Fairchild is a village in Eau Claire County, Wisconsin, United States. The population was 451 at the 2020 census. The village is located within the Town of Fairchild.

==History==
The first inhabitants of the area were the Dakota, Ojibwe, and Ho-Chunk tribes.

The West Wisconsin Railway reached the area in 1868, and the Fairchild post office was established in 1870. Starting in 1872 farmers began acquiring land in the area through the Homestead Acts.

Fairchild was incorporated in 1880 and was named for Lucius Fairchild, the 10th Governor of Wisconsin. By the late 1800s the village became a commercial hub due to the logging and railroad enterprises of businessman N.C. Foster.

Local logging ended in 1905, which began the village's decline. During World War II many businesses downsized due to labor shortages.
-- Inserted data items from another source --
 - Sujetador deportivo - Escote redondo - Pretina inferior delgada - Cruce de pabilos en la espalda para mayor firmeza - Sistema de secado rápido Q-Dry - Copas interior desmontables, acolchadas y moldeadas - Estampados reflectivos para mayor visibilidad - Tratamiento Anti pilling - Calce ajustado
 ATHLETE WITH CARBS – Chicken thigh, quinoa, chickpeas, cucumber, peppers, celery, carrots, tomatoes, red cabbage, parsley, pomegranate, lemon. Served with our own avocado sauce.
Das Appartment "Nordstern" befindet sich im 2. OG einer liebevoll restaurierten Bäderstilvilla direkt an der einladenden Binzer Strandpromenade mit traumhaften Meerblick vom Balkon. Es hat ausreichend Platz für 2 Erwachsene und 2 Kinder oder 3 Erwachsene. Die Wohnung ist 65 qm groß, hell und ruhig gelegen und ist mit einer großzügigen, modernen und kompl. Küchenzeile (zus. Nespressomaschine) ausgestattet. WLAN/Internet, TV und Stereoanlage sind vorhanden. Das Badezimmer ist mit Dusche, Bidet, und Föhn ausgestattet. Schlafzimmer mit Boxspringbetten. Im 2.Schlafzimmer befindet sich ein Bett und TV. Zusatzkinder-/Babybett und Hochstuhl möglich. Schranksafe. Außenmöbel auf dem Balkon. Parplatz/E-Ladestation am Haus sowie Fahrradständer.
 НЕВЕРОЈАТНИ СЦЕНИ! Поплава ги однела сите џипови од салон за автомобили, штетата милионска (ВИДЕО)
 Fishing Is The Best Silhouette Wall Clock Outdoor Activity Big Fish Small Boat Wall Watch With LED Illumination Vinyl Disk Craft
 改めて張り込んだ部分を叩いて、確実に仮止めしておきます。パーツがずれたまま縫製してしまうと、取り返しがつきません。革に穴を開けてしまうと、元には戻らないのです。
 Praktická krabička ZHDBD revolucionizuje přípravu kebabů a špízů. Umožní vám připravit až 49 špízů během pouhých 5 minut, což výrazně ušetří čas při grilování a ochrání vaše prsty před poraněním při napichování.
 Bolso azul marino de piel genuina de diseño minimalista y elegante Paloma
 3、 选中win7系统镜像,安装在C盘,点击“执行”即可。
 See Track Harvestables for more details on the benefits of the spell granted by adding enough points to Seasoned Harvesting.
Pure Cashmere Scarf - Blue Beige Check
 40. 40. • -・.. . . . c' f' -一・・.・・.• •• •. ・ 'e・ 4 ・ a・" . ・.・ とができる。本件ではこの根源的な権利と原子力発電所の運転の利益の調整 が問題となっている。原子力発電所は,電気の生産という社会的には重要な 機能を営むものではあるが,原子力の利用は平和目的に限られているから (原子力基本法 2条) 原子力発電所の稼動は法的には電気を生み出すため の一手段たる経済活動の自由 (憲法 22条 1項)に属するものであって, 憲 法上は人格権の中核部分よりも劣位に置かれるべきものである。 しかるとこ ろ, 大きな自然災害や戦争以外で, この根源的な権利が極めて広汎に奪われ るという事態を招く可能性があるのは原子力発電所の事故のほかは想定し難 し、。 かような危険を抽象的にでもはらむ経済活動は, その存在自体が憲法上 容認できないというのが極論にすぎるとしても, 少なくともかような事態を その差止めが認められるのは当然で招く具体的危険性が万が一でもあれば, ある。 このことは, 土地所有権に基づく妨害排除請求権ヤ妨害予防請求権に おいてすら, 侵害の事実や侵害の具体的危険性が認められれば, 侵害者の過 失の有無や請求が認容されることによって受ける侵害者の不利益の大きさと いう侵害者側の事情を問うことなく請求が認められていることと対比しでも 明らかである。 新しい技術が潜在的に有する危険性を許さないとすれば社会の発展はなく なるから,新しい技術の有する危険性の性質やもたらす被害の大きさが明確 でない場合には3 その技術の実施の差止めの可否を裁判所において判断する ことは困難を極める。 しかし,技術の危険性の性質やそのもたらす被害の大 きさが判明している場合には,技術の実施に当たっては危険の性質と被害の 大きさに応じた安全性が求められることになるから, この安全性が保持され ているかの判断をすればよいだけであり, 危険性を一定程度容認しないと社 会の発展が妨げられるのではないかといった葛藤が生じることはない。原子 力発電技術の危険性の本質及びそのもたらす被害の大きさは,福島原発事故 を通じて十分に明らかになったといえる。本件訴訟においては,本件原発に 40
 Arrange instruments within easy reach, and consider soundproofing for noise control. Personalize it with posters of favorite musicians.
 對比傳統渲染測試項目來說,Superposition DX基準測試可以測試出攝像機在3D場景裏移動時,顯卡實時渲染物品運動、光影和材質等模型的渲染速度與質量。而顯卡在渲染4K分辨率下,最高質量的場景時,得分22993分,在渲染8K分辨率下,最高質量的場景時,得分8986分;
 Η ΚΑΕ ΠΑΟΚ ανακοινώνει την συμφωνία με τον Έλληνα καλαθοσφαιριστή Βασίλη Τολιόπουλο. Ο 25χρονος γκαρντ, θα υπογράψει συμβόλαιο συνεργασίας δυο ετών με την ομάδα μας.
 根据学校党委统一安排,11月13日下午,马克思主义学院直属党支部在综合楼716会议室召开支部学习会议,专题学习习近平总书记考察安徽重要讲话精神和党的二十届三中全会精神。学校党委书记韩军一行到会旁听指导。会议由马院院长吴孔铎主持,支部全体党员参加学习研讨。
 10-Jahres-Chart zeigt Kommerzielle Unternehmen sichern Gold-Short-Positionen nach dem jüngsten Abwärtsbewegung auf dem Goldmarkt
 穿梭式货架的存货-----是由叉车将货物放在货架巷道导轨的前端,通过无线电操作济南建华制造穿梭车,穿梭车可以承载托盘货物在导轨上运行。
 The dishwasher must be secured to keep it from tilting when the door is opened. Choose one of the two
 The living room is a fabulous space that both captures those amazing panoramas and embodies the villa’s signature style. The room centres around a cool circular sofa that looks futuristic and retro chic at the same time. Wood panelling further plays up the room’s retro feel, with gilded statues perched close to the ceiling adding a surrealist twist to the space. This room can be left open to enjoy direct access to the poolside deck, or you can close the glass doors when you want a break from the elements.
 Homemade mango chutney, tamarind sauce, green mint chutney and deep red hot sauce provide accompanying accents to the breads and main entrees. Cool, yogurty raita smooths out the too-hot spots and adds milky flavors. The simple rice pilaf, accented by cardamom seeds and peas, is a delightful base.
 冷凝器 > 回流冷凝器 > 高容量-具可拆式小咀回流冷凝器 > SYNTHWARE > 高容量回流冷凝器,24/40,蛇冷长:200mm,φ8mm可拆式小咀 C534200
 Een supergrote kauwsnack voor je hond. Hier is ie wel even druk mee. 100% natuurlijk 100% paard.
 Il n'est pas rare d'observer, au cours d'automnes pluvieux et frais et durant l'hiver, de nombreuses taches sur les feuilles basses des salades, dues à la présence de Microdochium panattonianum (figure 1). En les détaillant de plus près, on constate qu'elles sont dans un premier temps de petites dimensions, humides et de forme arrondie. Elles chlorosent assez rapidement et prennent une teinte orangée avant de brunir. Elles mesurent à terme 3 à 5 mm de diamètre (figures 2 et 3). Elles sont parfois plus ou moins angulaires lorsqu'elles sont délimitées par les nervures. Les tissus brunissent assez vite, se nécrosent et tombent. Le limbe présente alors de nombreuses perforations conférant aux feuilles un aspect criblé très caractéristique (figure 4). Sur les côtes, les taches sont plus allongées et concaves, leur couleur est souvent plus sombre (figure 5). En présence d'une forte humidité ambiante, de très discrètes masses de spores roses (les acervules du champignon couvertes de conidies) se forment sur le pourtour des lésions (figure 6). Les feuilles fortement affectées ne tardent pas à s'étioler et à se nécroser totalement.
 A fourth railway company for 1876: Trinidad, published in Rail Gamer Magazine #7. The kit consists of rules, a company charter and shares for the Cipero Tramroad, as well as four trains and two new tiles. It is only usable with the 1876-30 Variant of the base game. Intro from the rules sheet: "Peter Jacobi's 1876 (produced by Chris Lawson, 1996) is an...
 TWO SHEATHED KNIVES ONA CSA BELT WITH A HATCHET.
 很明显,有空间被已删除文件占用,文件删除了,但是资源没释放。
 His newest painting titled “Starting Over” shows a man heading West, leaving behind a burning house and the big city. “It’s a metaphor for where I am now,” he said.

In the late 1940s U.S. Highway 12 was rerouted west and south of Fairchild, and traffic through the village decreased.

==Geography==
Fairchild is located at (44.599554, -90.959543).

According to the United States Census Bureau, the village has a total area of 1.48 sqmi, of which 1.45 sqmi is land and 0.03 sqmi is water.

The village falls on the intersections of US Highways 10 and 12. It is ten miles east of Interstate 94.

===Climate===
The Köppen Climate Classification subtype for this climate is "Dfb" (Warm Summer Continental Climate).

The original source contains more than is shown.